Dry, cold snow continued to blast past my face, and began creating drifts on the black, rocky ground. My visions were strange and disorienting, and I moved mostly by instinct and a feel for the ground beneath my boots; directly before my eyes was the relentless blast of snowflakes, just horizontal white lines blinking on and off instantaneously, across my whole field of view, without cease. It was utterlyu disorienting and for a moment I doubted my decision to leave the tent...Beyond the white lines of the snowflakes, blackness, and an occasional cloudy white blob, a drift of snow. I often stumbled into these drifts, which was generally alright as they did not represent cliffs, but solid matter. I became nervous when I had seen no drifts for some time, and where I occasionally, from knowing the valley from my previous hikes, felt I was about to walk off a cliff. Several times I dropped to hands and knees and crawled forward into the darkness, probing with my axe. One time I did find a steep drop-off this way, and I skirted around it, desending steeply and gratefully towards the valley floor.

I stumbled more than picked my way down the valley, being violently handled by the wind, disoriented and dehydrated. Sometimes I encountered the glassy surface of one of the many braided streams which flow down the valley and out to sea...when the ice sounded solid after a strike with the axe, I crunched across in my crampons, hoping against hope that each footfall would be secure. Once I went in to the knee, and bolted up and backwards like a startled horse, but this was the only mishap. Several times I crossed wider stream sections by laying on my belly and pulling myself across the ice with the ice axe...in doing this the wind was so strong that it helped by blowing me across the ice. At these times I realized how close to out-of-control my situation was. I rationalized that had I stayed in the tent, I would have been in a worse situation; but it was hard to imagine what could be worse than staggering around in a raging blizzard, at 30 below, with six feet of visibility, at night, seeking some shelter from the wind where I might bivouac. Well, I thought, I had made the decision to hike out, now I had to live with it.

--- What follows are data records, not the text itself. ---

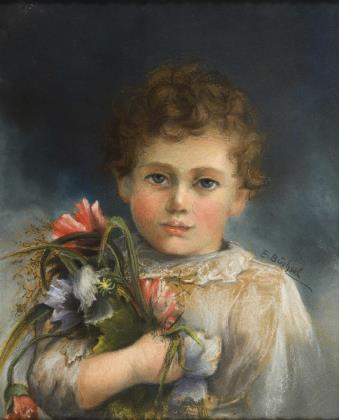BÜCHSEL, Elisabeth (1867 Stralsund - 1957 ebd.). Mädchen mit Blumen.
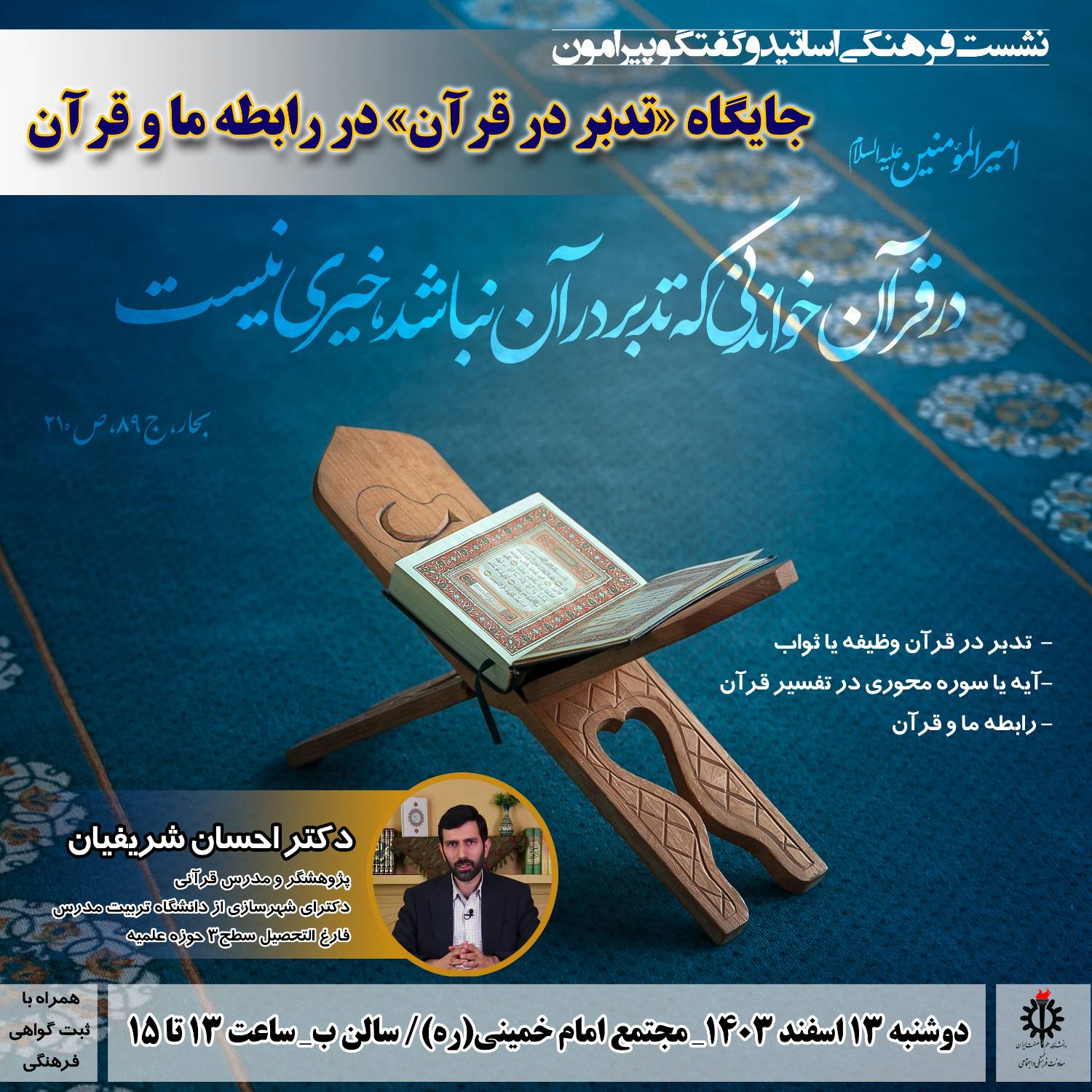 نشست فرهنگی اساتید با موضوع جایگاه «تدبر در قرآن» در رابطه ما و قرآن
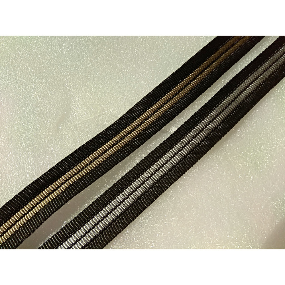 Толщина ок.1,5мм. Ширина: 25 мм. Цвет ленты черный, полоска: бежевая, серая
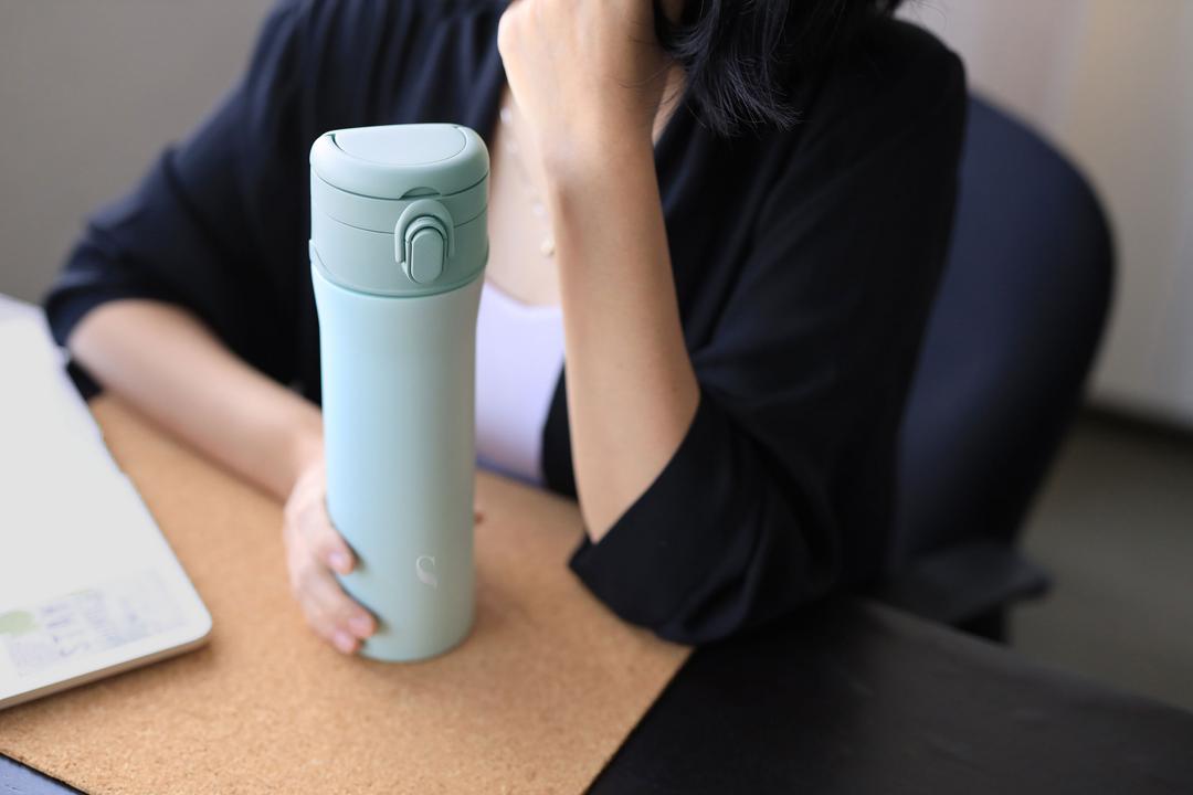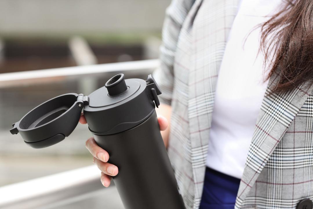 在開車、通勤或在辦公室忙碌工作,一指彈扣飲用,單手輕鬆操作,不須中斷作業或為了開杯而停下腳步。

After some hours of wandering down the Hoffell Valley, I found the rocky ground beginning to level off -- more ice crunched beneath my boots, and the wind tapered off ever so slightly as the valley broadened and the steep mountain walls tilted back from the near-vertical. As visibility increased, I spotted some large boulders, perhaps five hundred meters (a quarter of a mile) ahead. I zig-zagged towards them, trampling heedlessly over frozen hummocks of tundra. My bones were jarred and nerves were jangled as I tried to keep on course across the uneven surface. As I neard the large, black rocks, I realized they had of course come from the mountain slopes above. THey could have fallen years ago, or hours ago, dislodged by the wind. I continued ahead, and then stepped from the gale and into the quiet, windless lee side of a boulder. For the first time in 21 hours, the roar of the wind dropped off...I realized how exhausted I was with the silence. Out of the wind, it seemed that I had stepped into a bubble of protected space. Snow and wind dashed all around me, but the lee side of the boulder was relatively peaceful except for the occasional blast of off-angle wind. "To hell with it," I thought, glancing at the adjacent mountain ridge. "If I get crushed by more boulders, I'll never know it, because in ten minutes I am going to be fast asleep."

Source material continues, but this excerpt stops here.